(Jared)
I'm not a good person. I know I'm not a good person when I'm not stable. I'm not sane and I don't know if I ever have been. I don't know when I realized I wasn't. I don't know when I began to realize the dark thoughts in my head weren't normal and everyone wasn't like me.
I thought I was normal. I thought the voices talking in my head I usually ignored as a teen into my twenties were my subconscious or the words I heard earlier in the day by someone else just repeating itself before I found out that wasn't true. I thought they were imaginary friends I didn't want to let go of through the years when they first appeared.
I liked the voices. I found comfort in them when I felt alone in a broken home where I was treated horribly. I wasn't loved. I wasn't cared about. I was a kid no one wanted and everyone at school and in town gave hell to.
I lacked friends. I lacked self esteem and a support system in my life. I had nothing. I had nothing hopeful of a future living at home that wasn't a home before Katelynn and I took off.
We didn't have much. We had little to our name to start a future and the voices didn't leave. I convinced myself they were my friends except for the days they made me feel horrible. They broke me down and tore everything down to make me sane and build a good future. They held me back but I didn't want to escape them. I didn't want to leave them because they were my friends. The voices were my company when I had no one and I liked having something then nothing. I finally had friends that didn't hate me. I told myself they were protecting me not hurting me.
While I did when they made me feel better even though they were trying to convince me slowly through the years into doing bad things. Trying to make me think everyone is laughing at me. Trying to make me believe everyone is out to get me and I believed them. I came close one too many times to giving in until I finally did I felt like there was no going back.
The first time was Alex when I talked him into coming over to the house I had managed to get for Katelynn and I to be able to call home. Small and nothing much but a lot of money and years it was going to take to pay off. We were happy though and that is all that mattered. We were free from our parents. We were free from what that old home held which wasn't anything good.
Katelynn was finding herself and enjoying life while I was stuck in a lonesome spiral with the voices talking in my head more and more. I wasn't happy. I was lonely when I started talking to Alex and it was easy to gain his trust. It was easy to get him to come and meet me. It wasn't hard to convince him I was a good person even though I wasn't.
Everything was perfect for a few weeks, a few months before he tried to leave and I didn't want him to leave.
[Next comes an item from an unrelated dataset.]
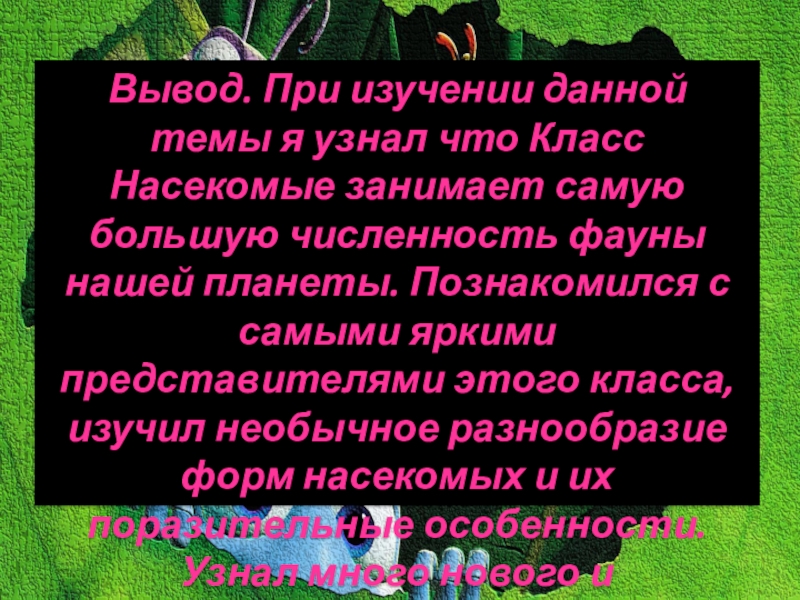 Слайд 16Вывод. При изучении данной темы я узнал что Класс Насекомые занимает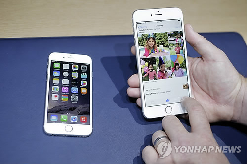 | △ '아이폰6'(왼쪽) 와 '아이폰6 플러스' (AP=연합뉴스) |

I didn't want to be alone and the voices in my head convinced me to make sure it never happened.
Katelynn wasn't around. She was off with Kyle living her life but she knew about Alex in the beginning. I told her about him and I. I told her about him and how he made me feel and I just wanted to be happy. She saw I was when she first met him when I picked him up to be with me. I lied and told her he was older. I said seventeen though I doubt she believed it from the look on her face. She didn't question though, she never questioned anything I did.
I'm her older brother. I'm suppose to protect her. I'm suppose to be someone she looks up to not down. I took her away from the house we both hated with a mom who couldn't love us and a dad that loved us too much in the wrong ways. I had us leave for a better start and give us both something in life to look forward to. I wasn't suppose to have us leave and become crazy. I wasn't suppose to turn into someone else and lose my mind. I wasn't suppose to let the voices take over and get myself into a mess I couldn't get myself out of.